Is this a bottleneck with TrueNAS or a bottleneck of my existing hardware? How can I improve this?


Many Thanks
 

ChrisRJ

Wizard
Joined
Oct 23, 2020
Messages
1,919
With that network bandwidth you are in a league, where details matter much more than usual. I have no practical experience with this particular question, but a fair amount with performance issues in general. What you need to do is find the bottlenecks (in many cases there is not only one) that contribute to the overall result. This usually means to "strategically" replace various parts (only one at a time!!!) of the setup and see what happens. So unless someone has the knowledge to point directly at a certain component, this would mean to purchase or borrow some additional hardware.

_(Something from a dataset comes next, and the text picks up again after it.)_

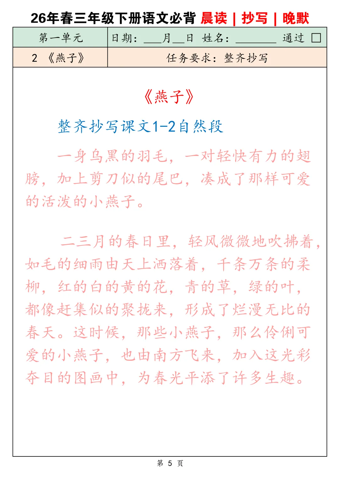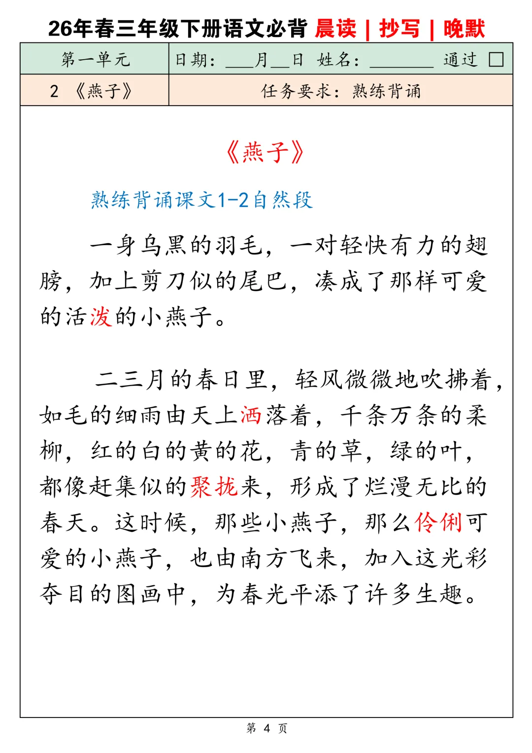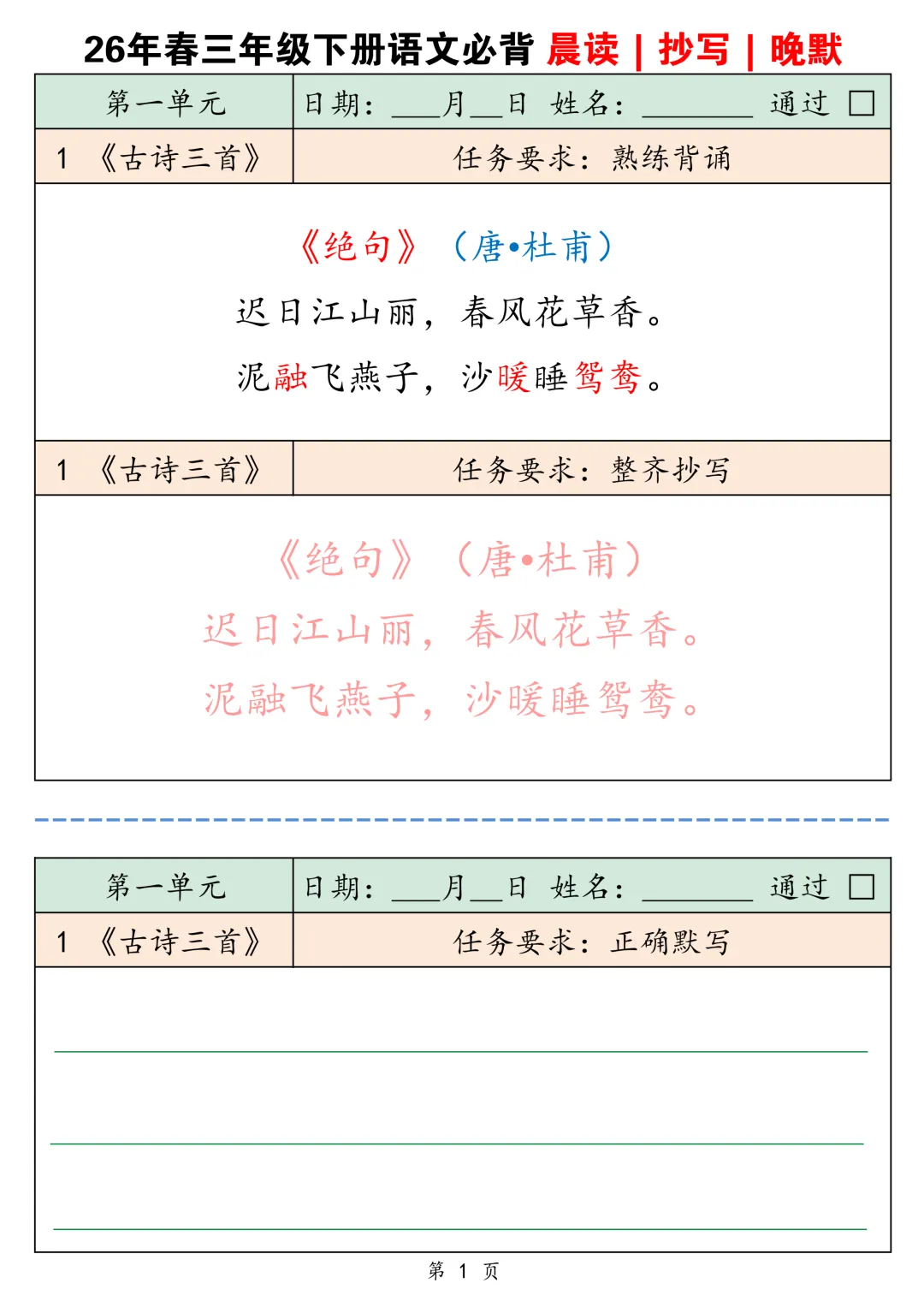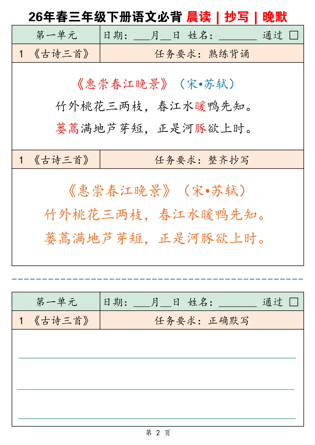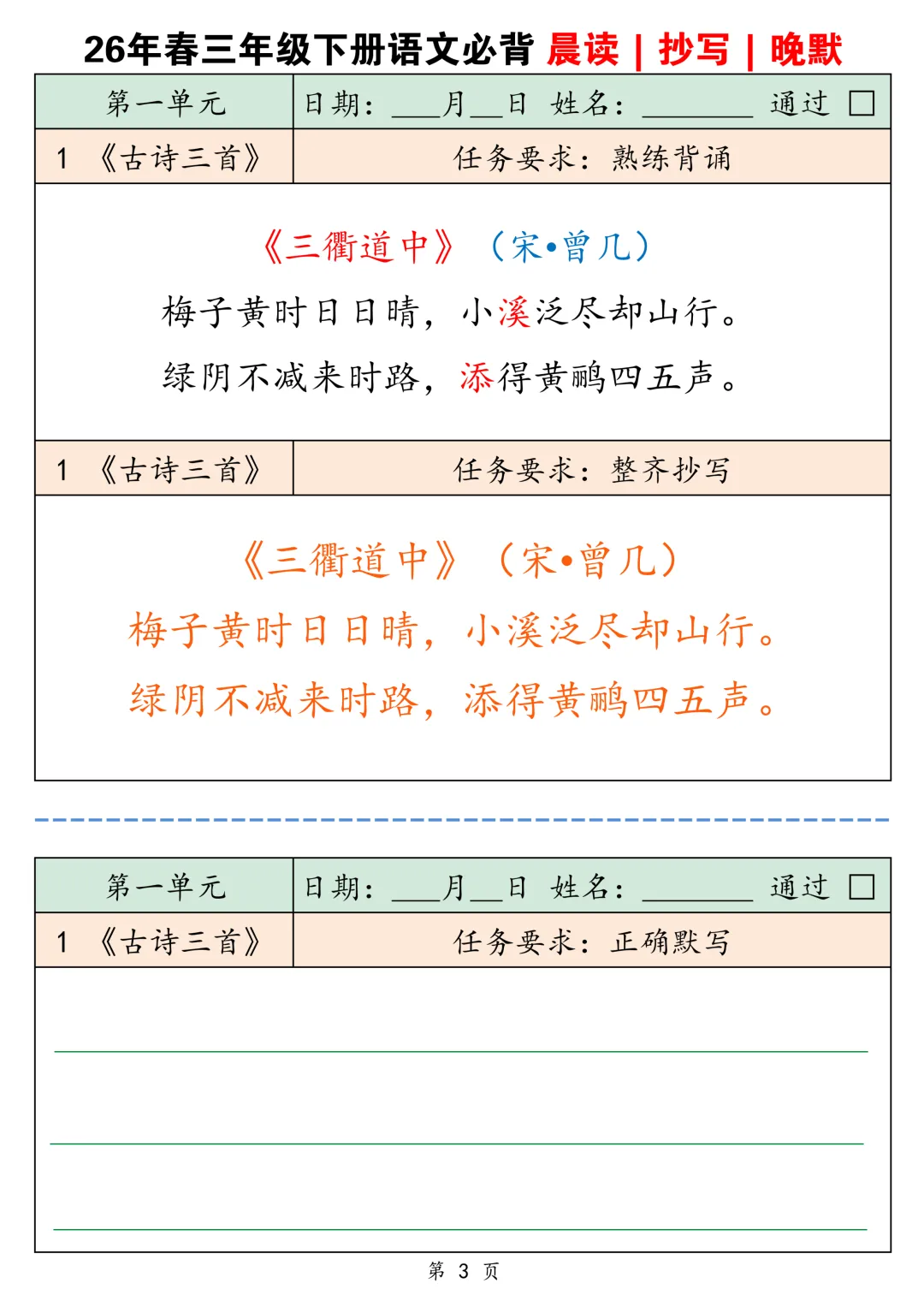 2026春三下语文背诵默写卡片共25页-电子版可下载打印

As to your hardware, I would think that a consumer system is not an ideal choice, because you are probably the first person in the universe to run that combination. Also, this network bandwidth is something that at least now does not usually get deployed for connecting a single client directly. Rather you would e.g. connect a bunch of beefy ESXi servers with 10 Gbps or 25 Gbps each. In other words, it is usually not a trivial thing to bring enough load on a system, once we are in for "serious business".

My overall advice would be to not exclusively hope for specific recommendations from people, because it will be a hit-or-miss game. Rather read up on how to approach such a situation in a structured way (e.g. what is a good order to look at individual components to narrow down the problem). You will not only learn a great deal of things in general, but also truly understand how your system behaves.

Lastly, please read your post again and think about whether or not it contains enough information for someone to provided help that is not purely guess-work. Hint: The forum rules also contain something about that :smile: .

Good luck!
 

ehsab

Dabbler
Joined
Aug 2, 2020
Messages
45
How about if you try more then one job at the same time (iperf3 -c <ip> -P 4)? My bet is that your 100G is actually 4x25Gbit.
 

Ericloewe

Server Wrangler
Moderator
Joined
Feb 15, 2014
Messages
20,194
Some scattered thoughts:

Samba is single-threaded per connection. 25-30 Gb/s sounds like something I'd expect out of a single SMB connection using Samba. The client side of things is also bound to be limited. This is most likely causing this:
so, it seems in this system, the total traffic that is able to transfer out is limited to 1.5~1.6Gbtye/s
Try using more clients at once and see what happens.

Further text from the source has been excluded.